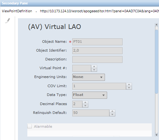 Alarmable | Displays any BACnet intrinsic alarming for the point. |
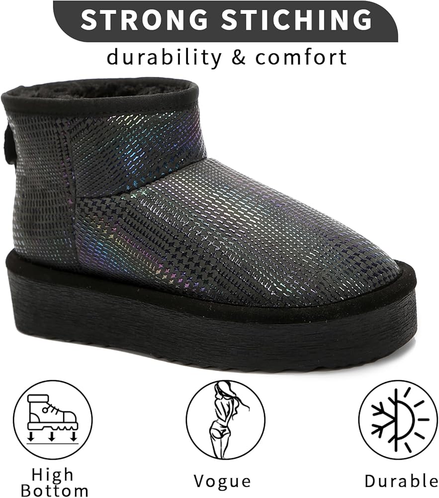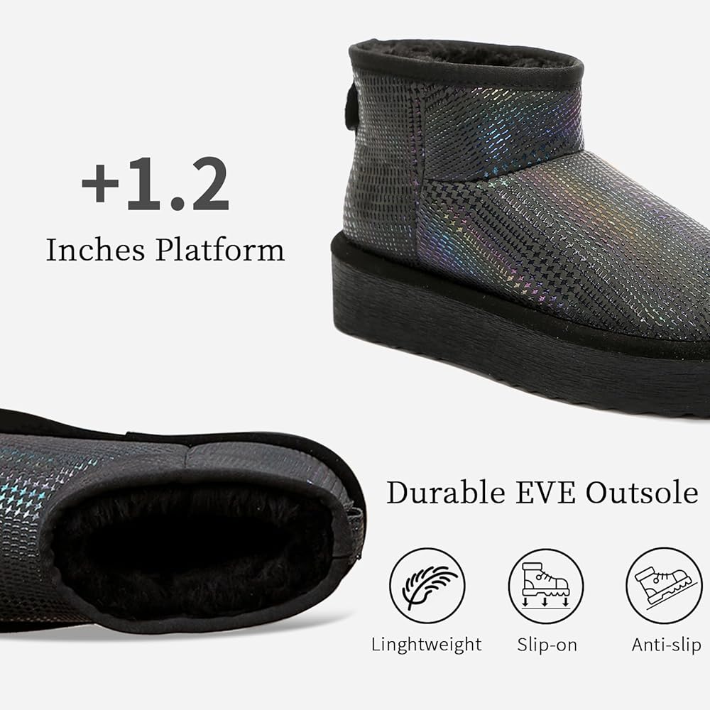 أحذية كلاسيكية ذات نعل سميك: مع تصميم منصة EVA مقاس 1.9 بوصة، لا تعمل أحذية الشتاء الخاصة بنا على إطالة ساقيك فحسب، مما يضيف ارتفاعًا إضافيًا ولكنها توفر أيضًا توسيدًا رائعًا، مما يجعلك أكثر نحافة وأطول في الشتاء.
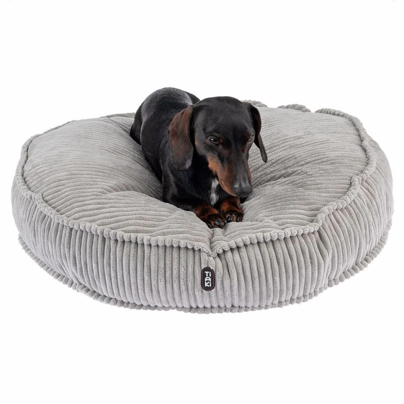 Corduroy is a material that feels particularly nice to the touch and creates a cosy atmosphere. The TIAKI Conner Cuddly Cushion for cats and small dogs is therefore covered with chic wide corduroy in a timeless shade of grey. The stylish TIAKI logo completes the whole thing to create a real eye-catcher that visually enriches your home!
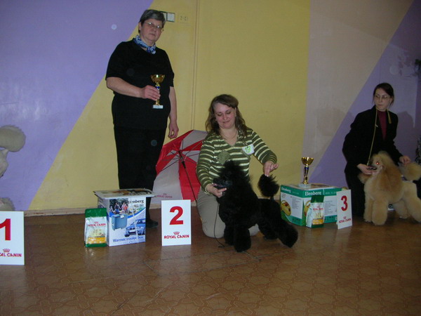 и спасибo за поздравления Барби причинила нам милый сюрприз и очень красиво кончила свои выступы в классе молодёжи, хотя судья Якубовски пропустил Барби на БИС Юниор, то на группе показалась очень эффектно и вместе со своей второй владелицей Анетой стали на первенстве ![]() ![]() ![]() ![]() Марина и Kinopoodle очень мы благодарим вам за нашу / вашу куколку
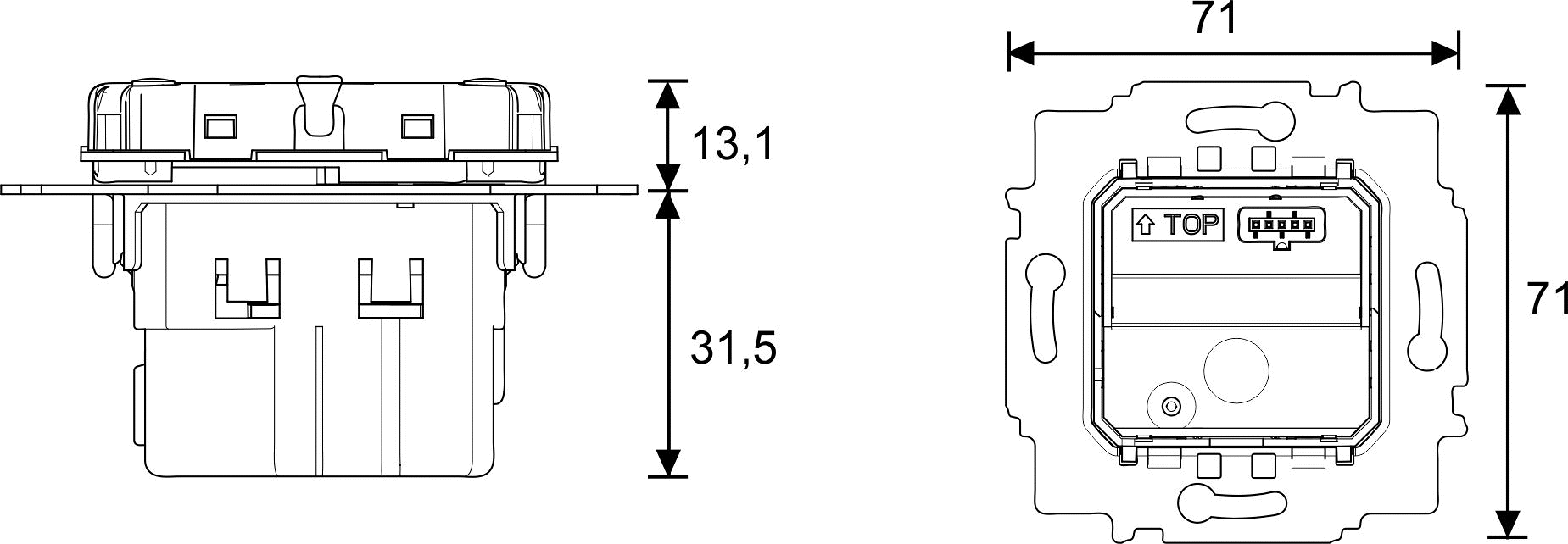 Bei der Installation in die Unterputzdose ist auf eine räumliche Trennung zwischen der Bus- und der 127 V/230 V-Installationsleitung zu achten! Bei Unterschreiten des Mindestabstands z.B. Elektronikdosen oder Isolierschläuche verwenden.
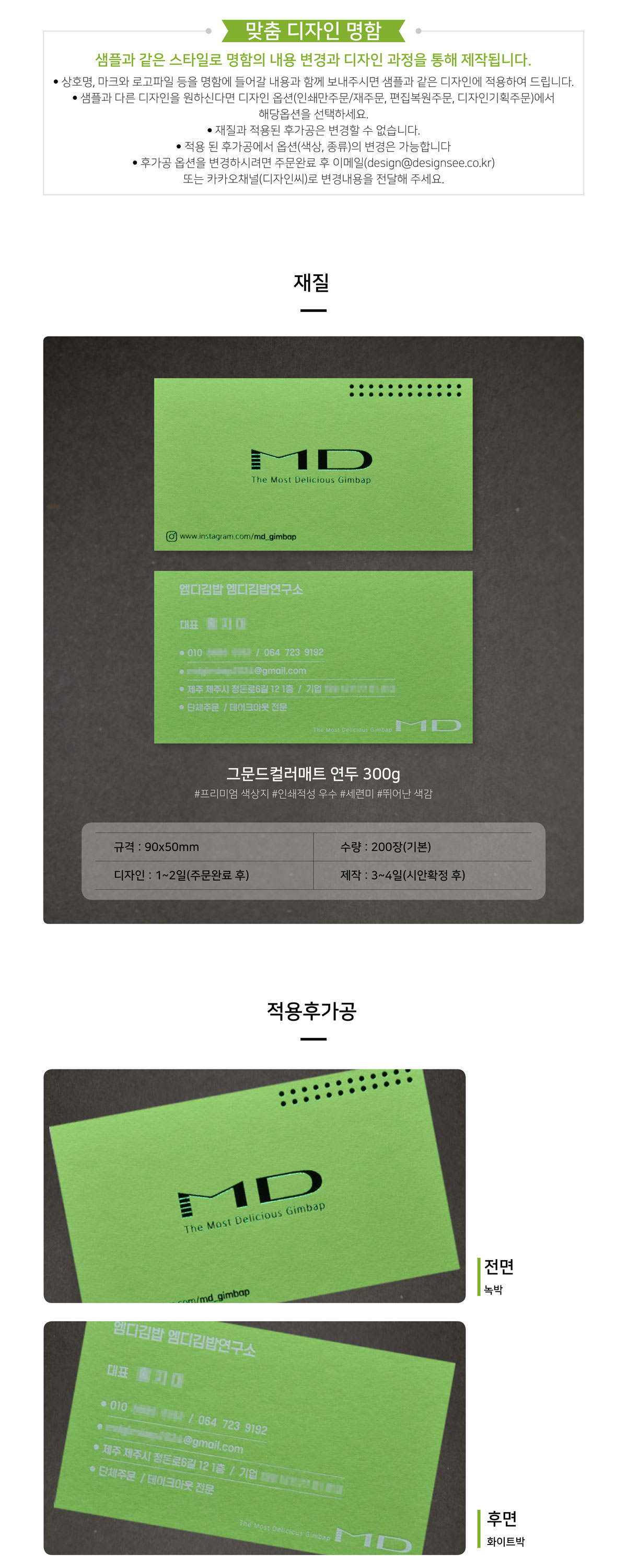 디자인 명함제작 스페셜 그문드컬러매트 연두 300g

» **Problem details**
Print all of the entries word for word. Omit the pictures they contain.

» **Expected output**
 Alarmable | Displays any BACnet intrinsic alarming for the point. |
 أحذية كلاسيكية ذات نعل سميك: مع تصميم منصة EVA مقاس 1.9 بوصة، لا تعمل أحذية الشتاء الخاصة بنا على إطالة ساقيك فحسب، مما يضيف ارتفاعًا إضافيًا ولكنها توفر أيضًا توسيدًا رائعًا، مما يجعلك أكثر نحافة وأطول في الشتاء.
 Corduroy is a material that feels particularly nice to the touch and creates a cosy atmosphere. The TIAKI Conner Cuddly Cushion for cats and small dogs is therefore covered with chic wide corduroy in a timeless shade of grey. The stylish TIAKI logo completes the whole thing to create a real eye-catcher that visually enriches your home!
 и спасибo за поздравления Барби причинила нам милый сюрприз и очень красиво кончила свои выступы в классе молодёжи, хотя судья Якубовски пропустил Барби на БИС Юниор, то на группе показалась очень эффектно и вместе со своей второй владелицей Анетой стали на первенстве ![]() ![]() ![]() ![]() Марина и Kinopoodle очень мы благодарим вам за нашу / вашу куколку
 Bei der Installation in die Unterputzdose ist auf eine räumliche Trennung zwischen der Bus- und der 127 V/230 V-Installationsleitung zu achten! Bei Unterschreiten des Mindestabstands z.B. Elektronikdosen oder Isolierschläuche verwenden.
 디자인 명함제작 스페셜 그문드컬러매트 연두 300g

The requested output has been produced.